● **Records for this exercise**:
+++

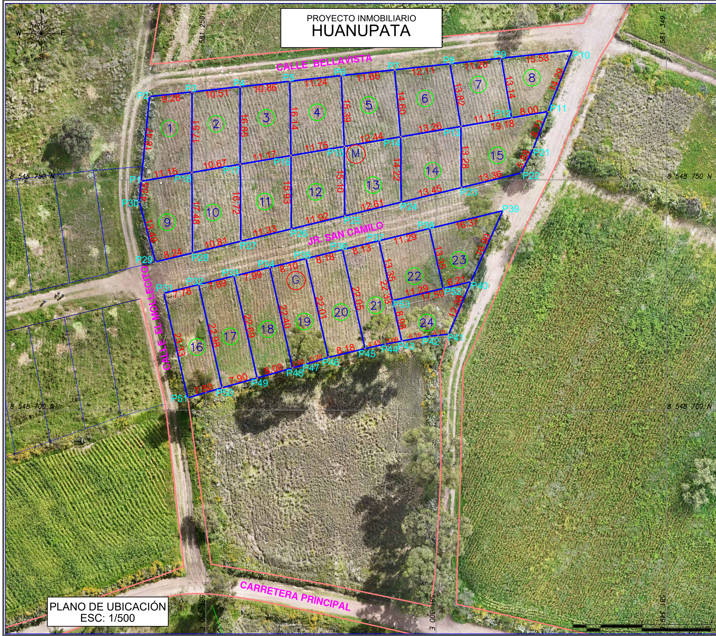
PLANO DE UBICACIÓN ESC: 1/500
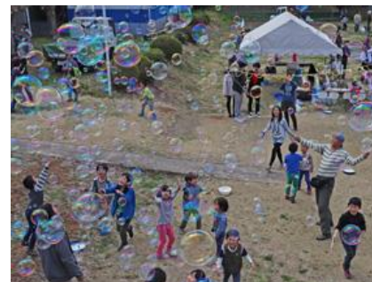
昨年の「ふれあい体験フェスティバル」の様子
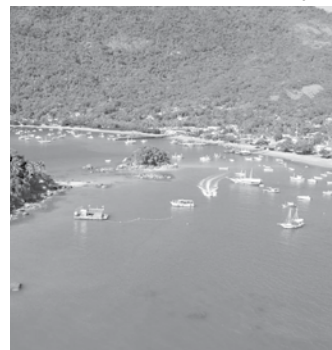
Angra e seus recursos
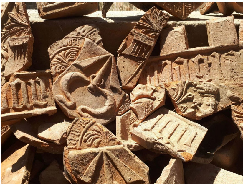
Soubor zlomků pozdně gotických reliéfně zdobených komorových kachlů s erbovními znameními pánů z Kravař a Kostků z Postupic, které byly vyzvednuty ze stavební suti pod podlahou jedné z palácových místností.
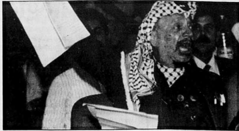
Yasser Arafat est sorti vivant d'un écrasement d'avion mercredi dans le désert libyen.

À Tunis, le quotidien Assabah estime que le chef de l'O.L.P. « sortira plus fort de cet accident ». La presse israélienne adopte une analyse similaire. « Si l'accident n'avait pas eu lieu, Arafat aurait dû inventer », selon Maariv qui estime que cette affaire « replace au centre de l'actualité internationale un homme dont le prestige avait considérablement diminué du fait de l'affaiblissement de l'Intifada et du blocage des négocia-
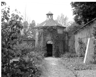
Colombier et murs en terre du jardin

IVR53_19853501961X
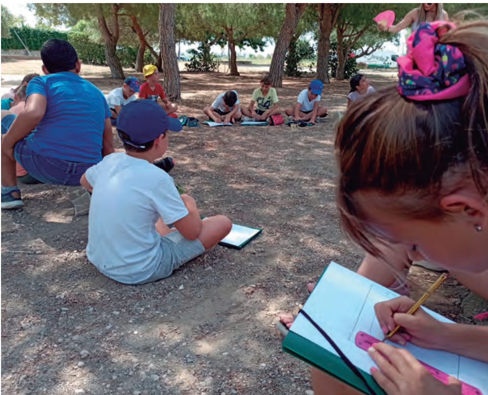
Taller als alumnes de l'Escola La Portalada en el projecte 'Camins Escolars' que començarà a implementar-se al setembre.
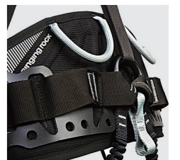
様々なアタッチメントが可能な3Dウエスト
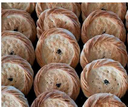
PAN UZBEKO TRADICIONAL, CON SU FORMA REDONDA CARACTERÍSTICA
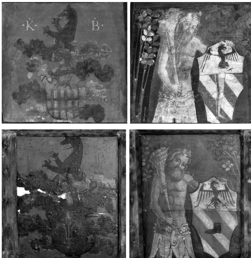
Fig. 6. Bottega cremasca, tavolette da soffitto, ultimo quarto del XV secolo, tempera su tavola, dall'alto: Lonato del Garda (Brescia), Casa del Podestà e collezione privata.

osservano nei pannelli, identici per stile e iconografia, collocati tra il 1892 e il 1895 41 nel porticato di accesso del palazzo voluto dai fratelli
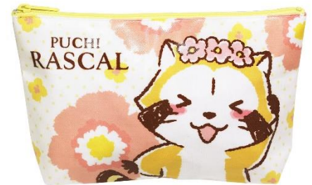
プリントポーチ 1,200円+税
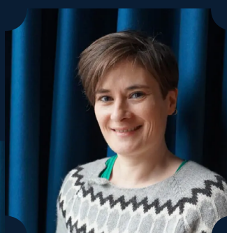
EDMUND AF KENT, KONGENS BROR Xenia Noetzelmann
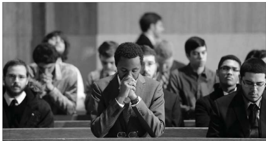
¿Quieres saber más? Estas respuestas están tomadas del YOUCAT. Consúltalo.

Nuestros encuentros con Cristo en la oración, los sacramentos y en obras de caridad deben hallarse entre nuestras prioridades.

+++

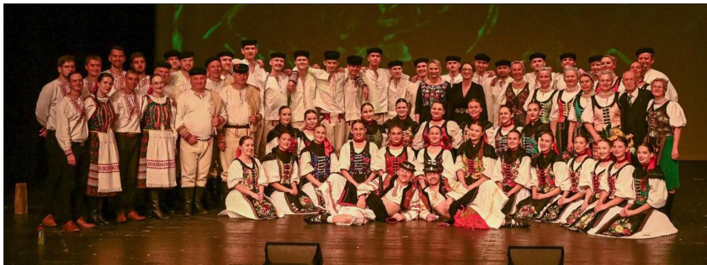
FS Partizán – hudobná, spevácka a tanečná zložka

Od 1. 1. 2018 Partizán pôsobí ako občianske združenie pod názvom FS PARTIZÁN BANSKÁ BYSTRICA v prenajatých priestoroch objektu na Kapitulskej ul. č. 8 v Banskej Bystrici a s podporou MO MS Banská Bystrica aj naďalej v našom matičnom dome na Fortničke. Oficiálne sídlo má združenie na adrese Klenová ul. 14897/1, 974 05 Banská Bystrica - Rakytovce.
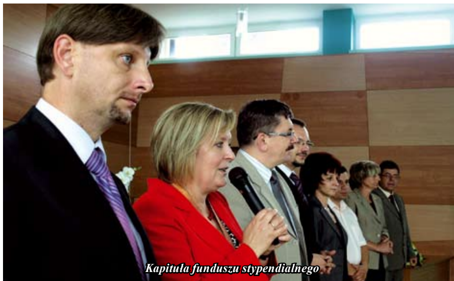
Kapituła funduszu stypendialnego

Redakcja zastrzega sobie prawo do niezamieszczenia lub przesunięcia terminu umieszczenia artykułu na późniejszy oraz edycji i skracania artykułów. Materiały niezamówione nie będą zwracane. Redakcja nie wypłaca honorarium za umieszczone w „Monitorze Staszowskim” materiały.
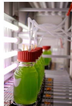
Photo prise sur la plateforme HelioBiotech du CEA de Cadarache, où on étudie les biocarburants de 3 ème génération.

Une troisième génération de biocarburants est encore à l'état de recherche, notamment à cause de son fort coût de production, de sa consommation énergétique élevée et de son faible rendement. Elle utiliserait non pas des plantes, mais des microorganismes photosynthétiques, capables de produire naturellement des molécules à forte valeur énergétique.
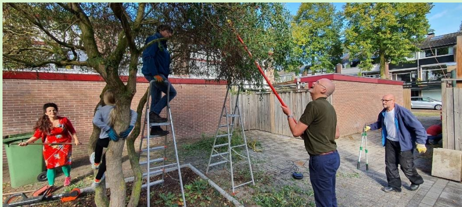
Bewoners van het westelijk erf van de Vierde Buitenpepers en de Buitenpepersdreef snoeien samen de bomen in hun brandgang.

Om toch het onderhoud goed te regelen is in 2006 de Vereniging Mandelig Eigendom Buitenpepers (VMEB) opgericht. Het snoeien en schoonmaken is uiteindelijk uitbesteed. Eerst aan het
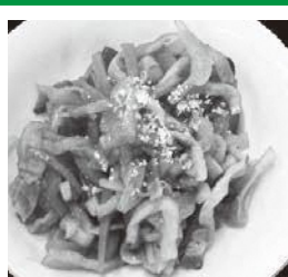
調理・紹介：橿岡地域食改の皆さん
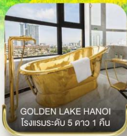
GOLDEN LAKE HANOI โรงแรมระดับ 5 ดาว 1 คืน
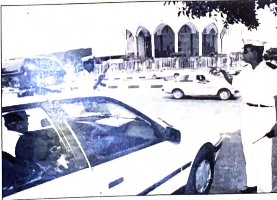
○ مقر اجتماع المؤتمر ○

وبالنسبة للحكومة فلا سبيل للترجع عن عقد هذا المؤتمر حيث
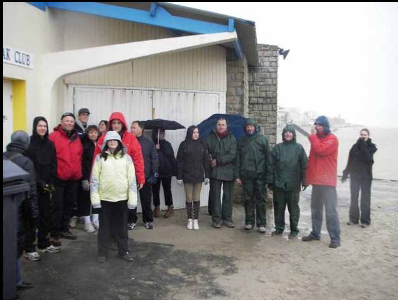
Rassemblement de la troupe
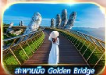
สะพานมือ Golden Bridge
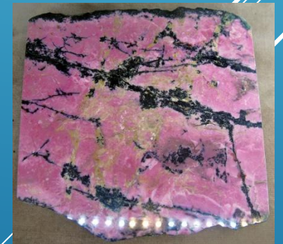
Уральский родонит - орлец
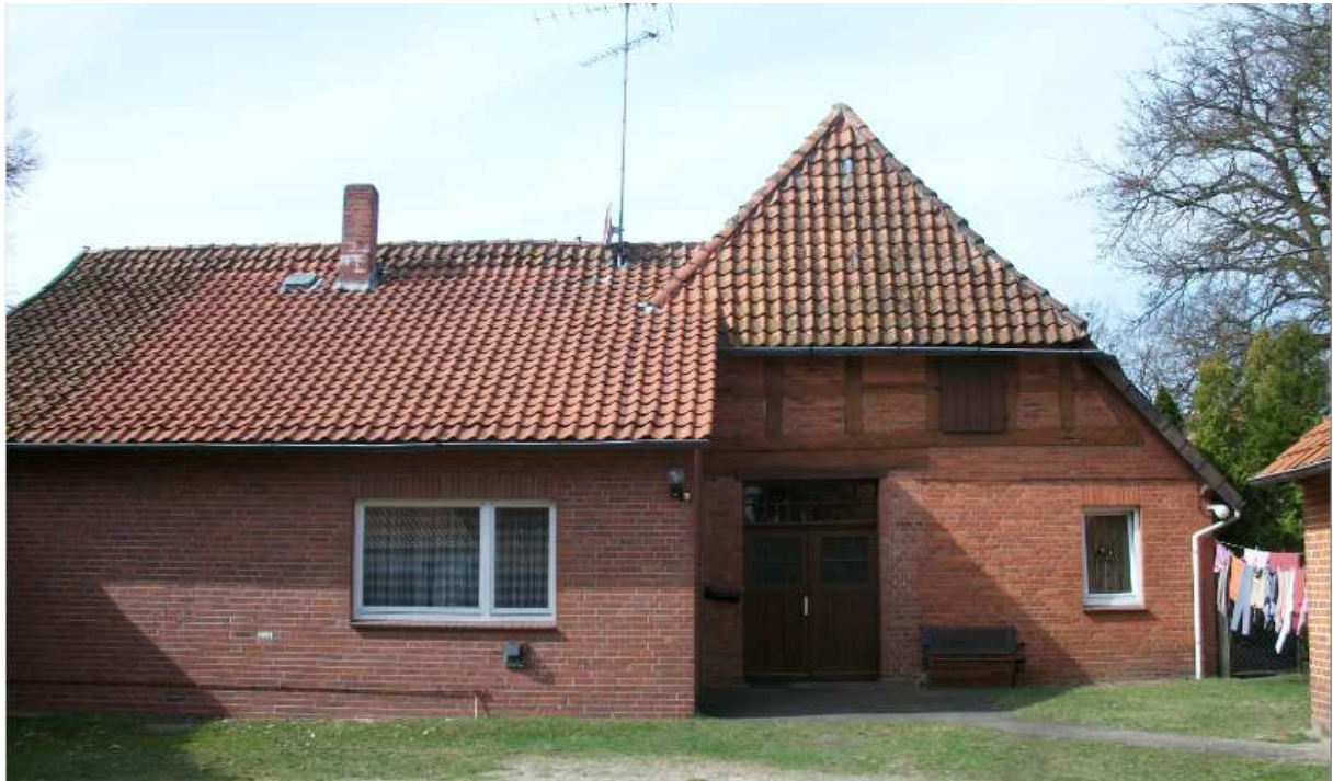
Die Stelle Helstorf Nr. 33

+++

Look above for the line with "Fig. 6. Bottega" and the line with "Nuestros encuentros con", then copy them and all lines in between exactly as written, and only those, without any pictures.

● **Result for this exercise**:
Fig. 6. Bottega cremasca, tavolette da soffitto, ultimo quarto del XV secolo, tempera su tavola, dall'alto: Lonato del Garda (Brescia), Casa del Podestà e collezione privata.

osservano nei pannelli, identici per stile e iconografia, collocati tra il 1892 e il 1895 41 nel porticato di accesso del palazzo voluto dai fratelli
プリントポーチ 1,200円+税
EDMUND AF KENT, KONGENS BROR Xenia Noetzelmann
¿Quieres saber más? Estas respuestas están tomadas del YOUCAT. Consúltalo.

Nuestros encuentros con Cristo en la oración, los sacramentos y en obras de caridad deben hallarse entre nuestras prioridades.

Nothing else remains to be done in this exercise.